'''

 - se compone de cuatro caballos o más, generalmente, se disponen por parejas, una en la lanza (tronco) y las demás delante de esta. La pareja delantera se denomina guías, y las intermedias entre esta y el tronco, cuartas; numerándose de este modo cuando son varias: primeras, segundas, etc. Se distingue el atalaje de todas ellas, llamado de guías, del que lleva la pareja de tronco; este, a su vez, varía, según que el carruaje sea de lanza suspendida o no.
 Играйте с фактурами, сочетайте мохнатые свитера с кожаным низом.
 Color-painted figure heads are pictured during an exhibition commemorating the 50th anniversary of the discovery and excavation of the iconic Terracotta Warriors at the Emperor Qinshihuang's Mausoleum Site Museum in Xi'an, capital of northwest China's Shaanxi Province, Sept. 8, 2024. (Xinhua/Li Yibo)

'''
'''

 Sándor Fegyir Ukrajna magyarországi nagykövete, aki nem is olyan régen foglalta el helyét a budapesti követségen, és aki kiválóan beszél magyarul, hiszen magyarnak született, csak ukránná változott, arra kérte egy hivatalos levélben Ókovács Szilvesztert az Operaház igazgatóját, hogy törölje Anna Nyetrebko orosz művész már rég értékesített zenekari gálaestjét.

'''

About this task ::
Out of the data above, set down the lines from the one with "- se compone" to the one with "Color-painted figure heads", both included, exactly as written and with no additions.

Result for this task ::
 - se compone de cuatro caballos o más, generalmente, se disponen por parejas, una en la lanza (tronco) y las demás delante de esta. La pareja delantera se denomina guías, y las intermedias entre esta y el tronco, cuartas; numerándose de este modo cuando son varias: primeras, segundas, etc. Se distingue el atalaje de todas ellas, llamado de guías, del que lleva la pareja de tronco; este, a su vez, varía, según que el carruaje sea de lanza suspendida o no.
 Играйте с фактурами, сочетайте мохнатые свитера с кожаным низом.
 Color-painted figure heads are pictured during an exhibition commemorating the 50th anniversary of the discovery and excavation of the iconic Terracotta Warriors at the Emperor Qinshihuang's Mausoleum Site Museum in Xi'an, capital of northwest China's Shaanxi Province, Sept. 8, 2024. (Xinhua/Li Yibo)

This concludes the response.